Quels sont les fondements de l’idéologie américaine ? En quoi cette idéologie a-t-elle une vocation mondiale ? Comment les valeurs doivent –elles aider a surmonter les problèmes internes du pays ?
L’étude de ce texte se fera en deux parties organisées de manière thématique : dans un premier temps, nous verrons, quelle est la place de la religion dans la vie politique : un Président investi d’un devoir divin qui défend des valeurs chrétiennes. Puis nous étudierons les problèmes internes des Etats-Unis et nous verrons en quoi les Etats-Unis ont une mission pour le monde.
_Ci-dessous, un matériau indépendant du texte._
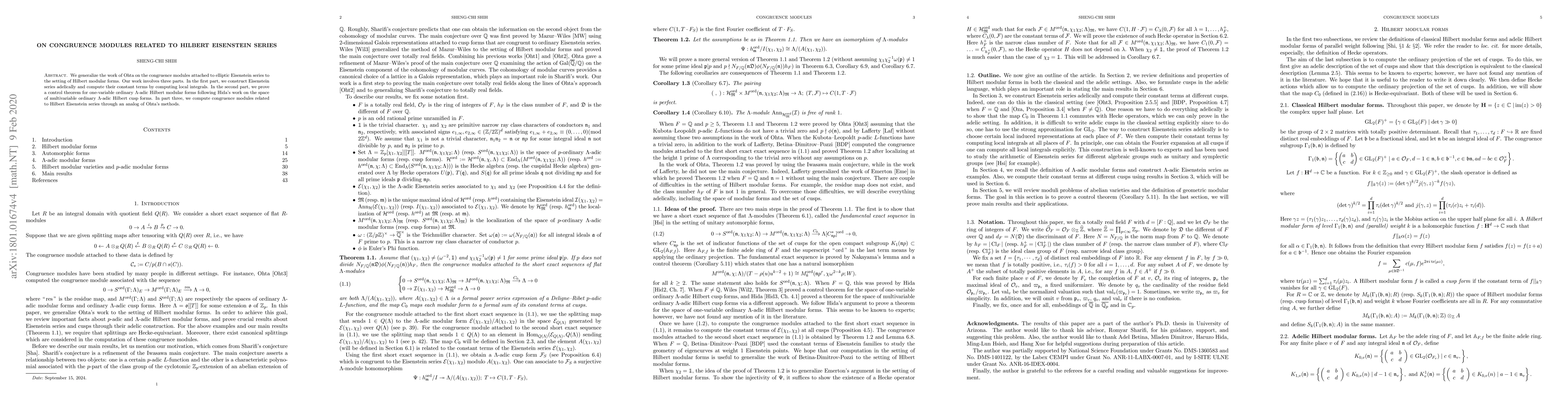 Summary: This paper generalizes Ohta's congruence modules for elliptic Eisenstein series to Hilbert modular forms, constructing Eisenstein series adelically, proving a control theorem for ordinary $\Lambda$-adic forms, and computing related congruence modules using Ohta's methods.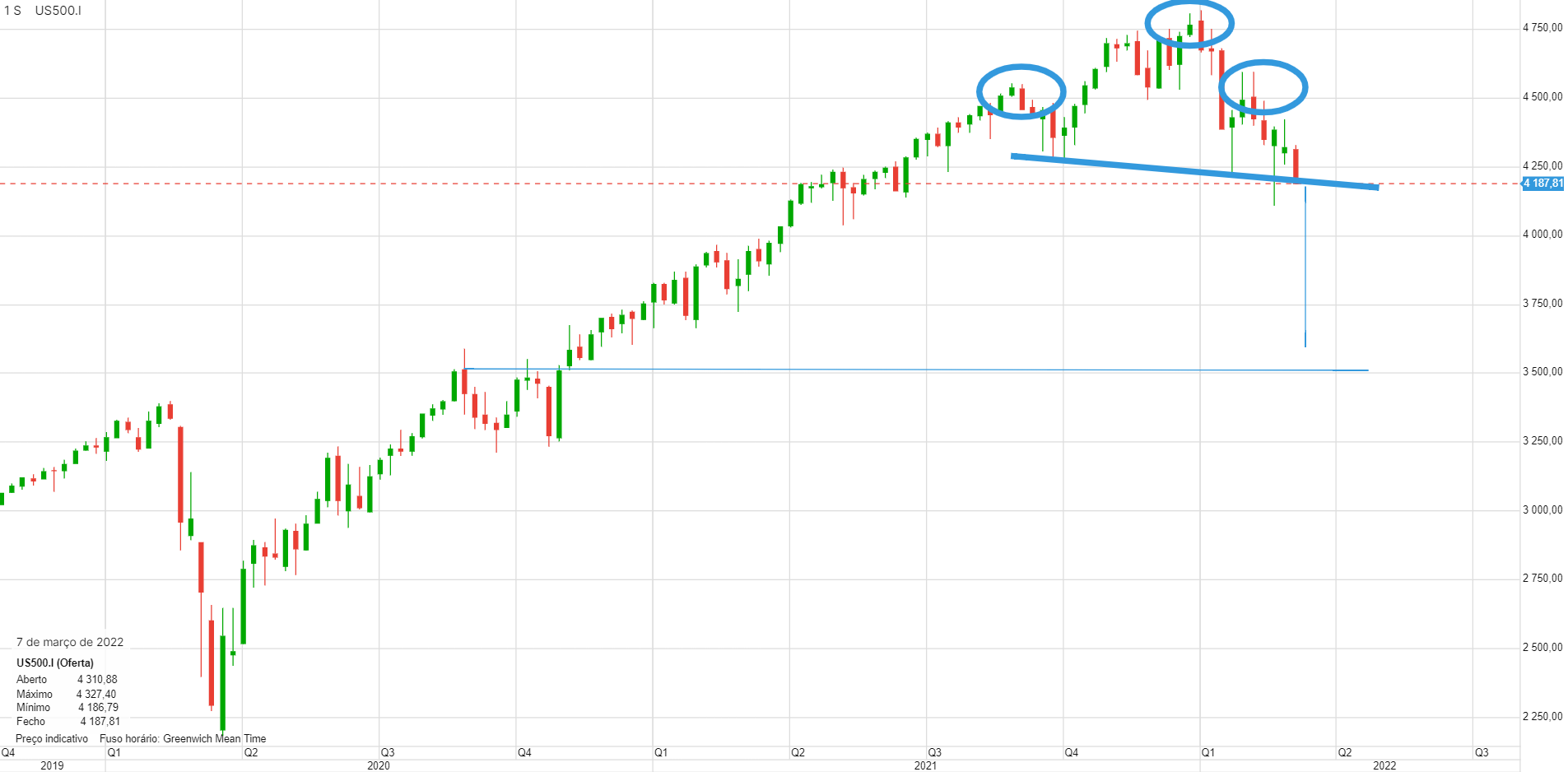 No cenário pessimista, a guerra prolonga-se, o oil e as restantes commodities mantém-se a níveis elevadíssimos e o mercado começa a não aguentar toda esta pressão e basicamente derrete.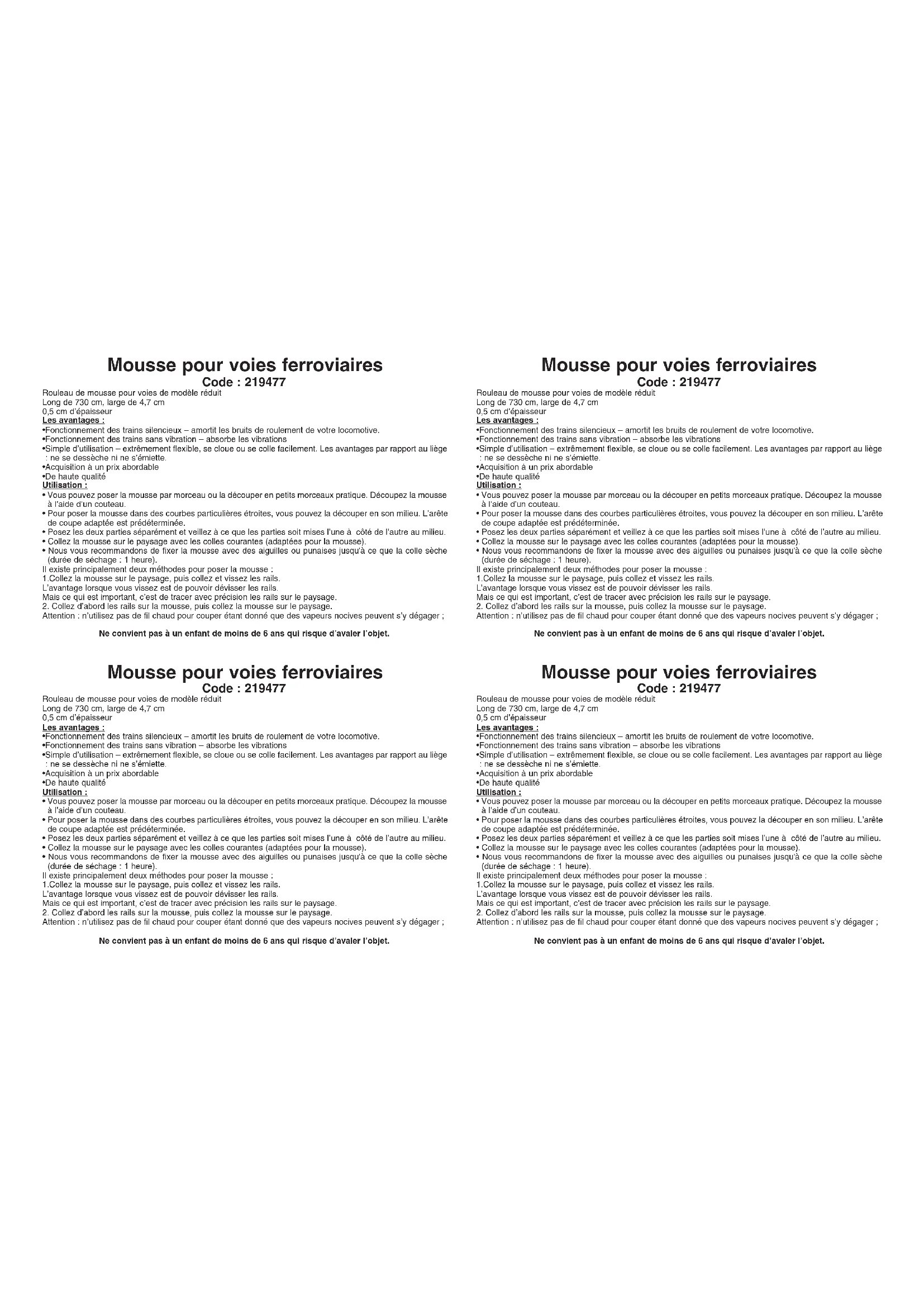 Attention : n’utilisez pas de fil chaud pour couper étant donné que des vapeurs nocives peuvent s’y dégager ; Ne convient pas à un enfant de moins de 6 ans qui risque d’avaler l’objet. Mousse pour voies ferroviaires Code : 219477 Rouleau de mousse pour voies de modèle réduit Long de 730 cm, large de 4,7 cm 0,5 cm d’épaisseur Les avantages :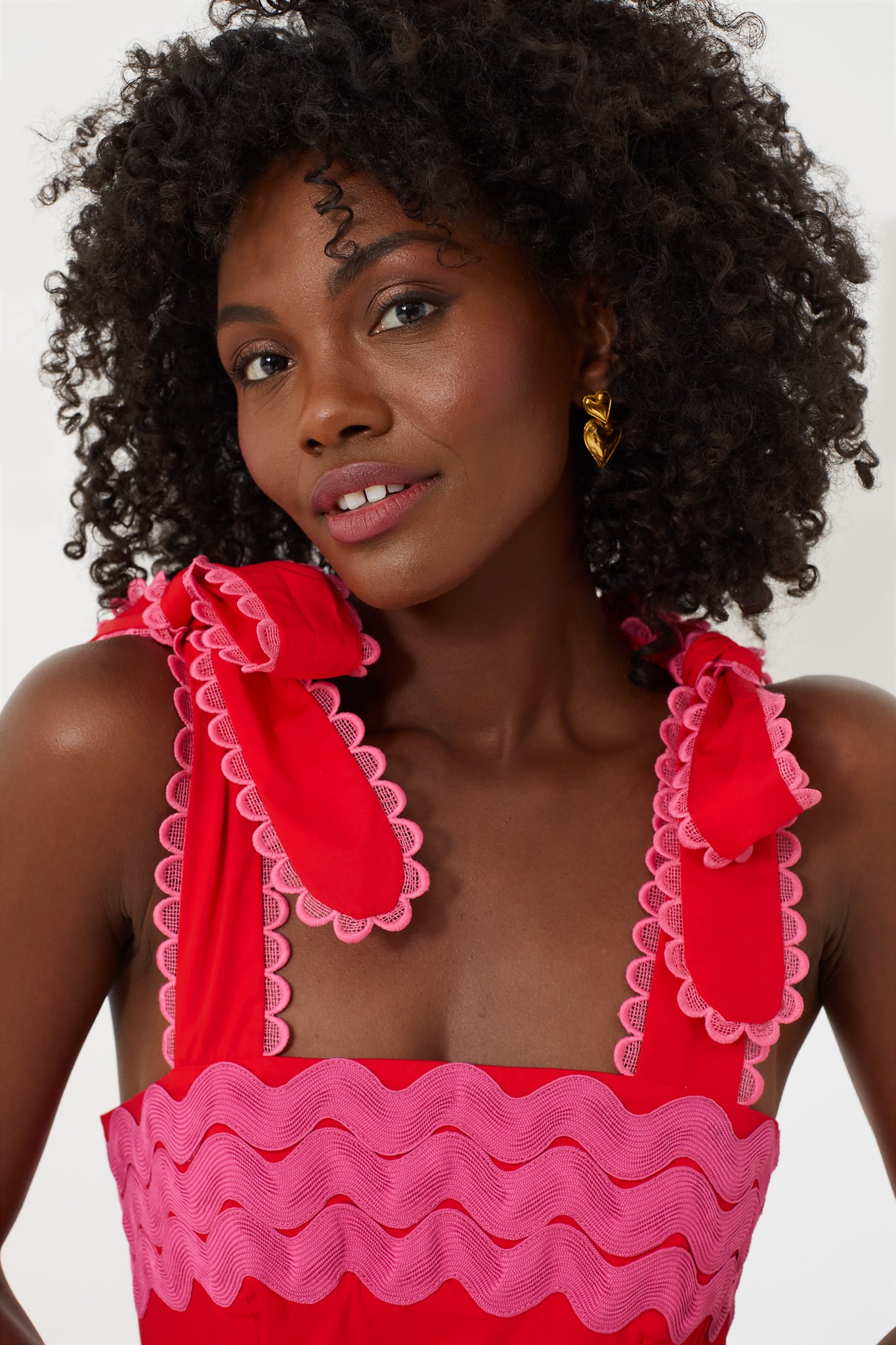 The Red Jade Dress is a vibrant statement piece unlike any other. With self-tie straps. embroidery detailing throughout. and a romantic A-line skirt. this elevated midi plays on texture. shape. and color to create a dreamy look. Pair with heels and statement jewelry for a dinner party. or with sandals for a playful daytime look.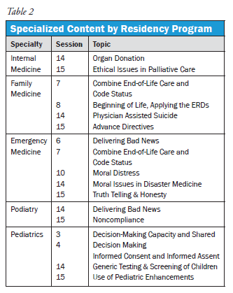 To meet the third goal mentioned above, the sessions are tailored specifically to each program in three ways. First, each specialty receives some sessions unique to its field of medicine. (Table 2) The core curriculum includes two specialty- specific sessions but, for some specialties, we combine or eliminate sessions to make room for others. For example, the Emergency Medicine curriculum combines End-of-Life Care and Code Status into one session to make room for a session on Delivering Bad News. Second, the cases for each session are chosen specifically for each specialty. For example, while all specialties receive the same content for informed consent, cases for internal medicine are different from those in emergency medicine. Third, since our residency programs span two states, sessions discuss state-specific laws where relevant such as those regarding advance directives.
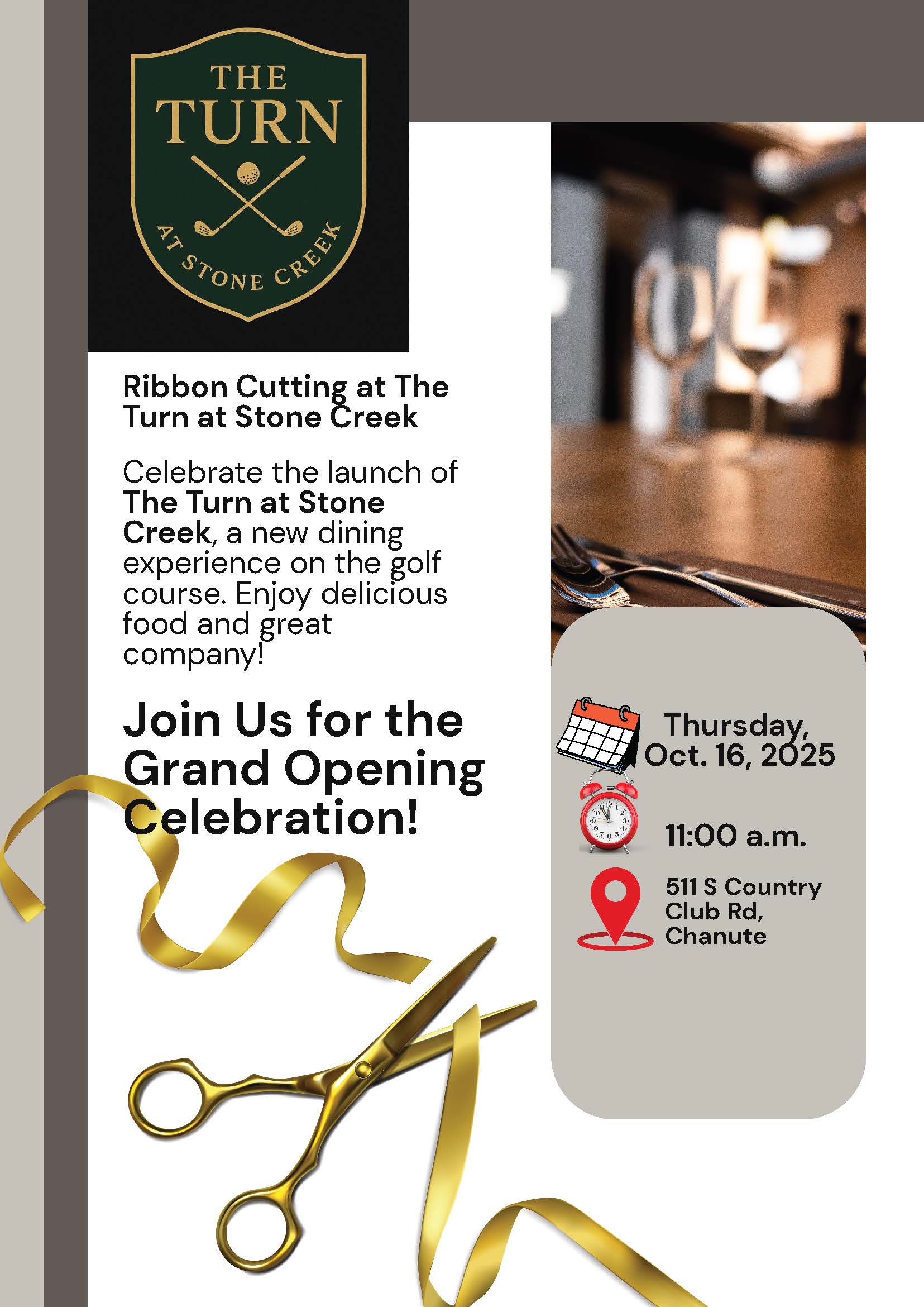 The Turn at Stone Creek Ribbon Cutting – Celebrate the launch of a new dining experience on the golf course. Thursday, Oct. 16; 11:00 a.m.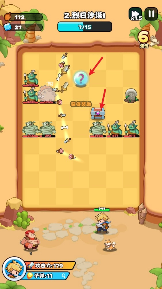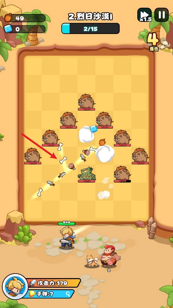 松手发射后,其他的伙伴也会跟随一起发射,发射的武器会在场地中弹射,对敌人造成伤害。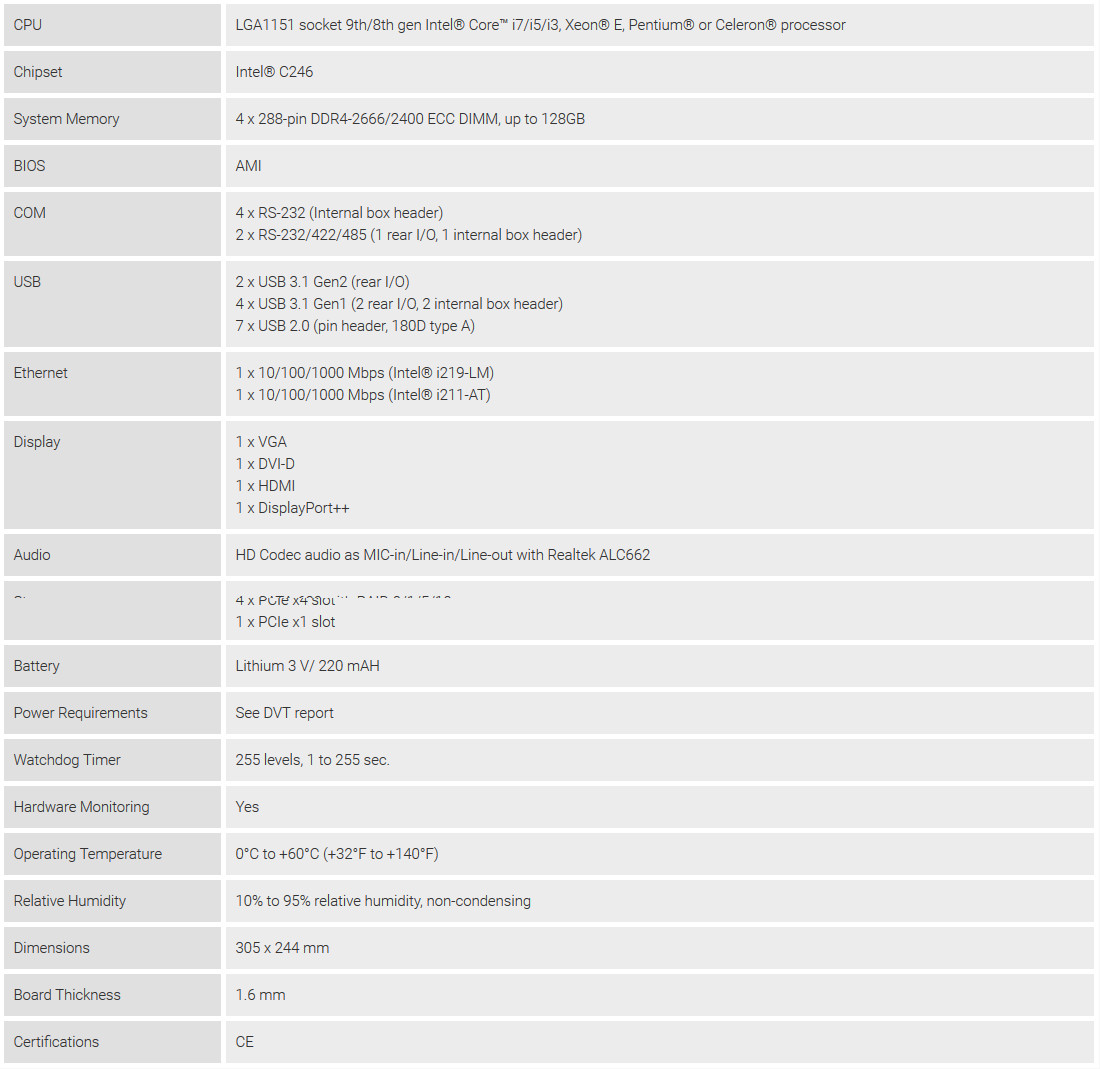 the Intel® C246 chipset. The industrial motherboard is designed with

« Mon premier geste de président sera une prière » (L1). Le discours d’investiture de George Bush débute par une prière, et termine (comme dans tous les discours de présidents américains), par la demande de bénédiction divine : « Merci. Que Dieu vous bénisse, vous et les Etats-Unis d’Amérique » (L36). On sait que George Bush à été élevé dans la religion protestante, qu’il est très croyant et fervent pratiquant. Mais de manière générale, contrairement à la société française fondamentalement laïque, les USA ont conservé une forte culture religieuse et le peuple américain reste encore aujourd’hui imprégné de la religion, en majorité protestante. En atteste cette phrase de William. O. Douglas qui déclara en 1951 : « Nous sommes un peuple religieux » et sans oublier la divise nationale « In God we trust » figurant même sur les billets de banque américains. La référence à Dieu est présente partout, depuis l’école où les élèves prêtent serment au drapeau et à la nation "sous Dieu", jusqu'aux serments du Président sur la Bible. Sa prière, Bush l’axe sur l’idée qu’en tant que président, son rôle est d’être au service du peuple : « il n’existe qu’un emploi juste du pouvoir, et c’est de servir le peuple » (L 3-4). Le pouvoir ne doit pas être utilisé pour servir des intérêts personnels, mais pour servir les intérêts de tous et représenter le peuple le mieux possible. On peut trouver là dedans l’idée d’un président investi d’un devoir divin qui doit orienter sa politique. Il ne s’agit pas d’un président représentant de Dieu sur terre comme pouvaient l’être les rois d’Europe à l’époque moderne, mais plutôt d’un président croyant dont la politique doit aller dans le sens de Dieu, c'est-à-dire qui doit respecter une morale et des valeurs chrétiennes. C’est l’idée qu’au fond, la nation ne trouve son accomplissement que dans la mesure où elle réalise une loi transcendante, divine. Mais quelle est cette loi ? Quelles sont ces valeurs religieuses prônées par Bush et qui orientent l’idéologie américaine ?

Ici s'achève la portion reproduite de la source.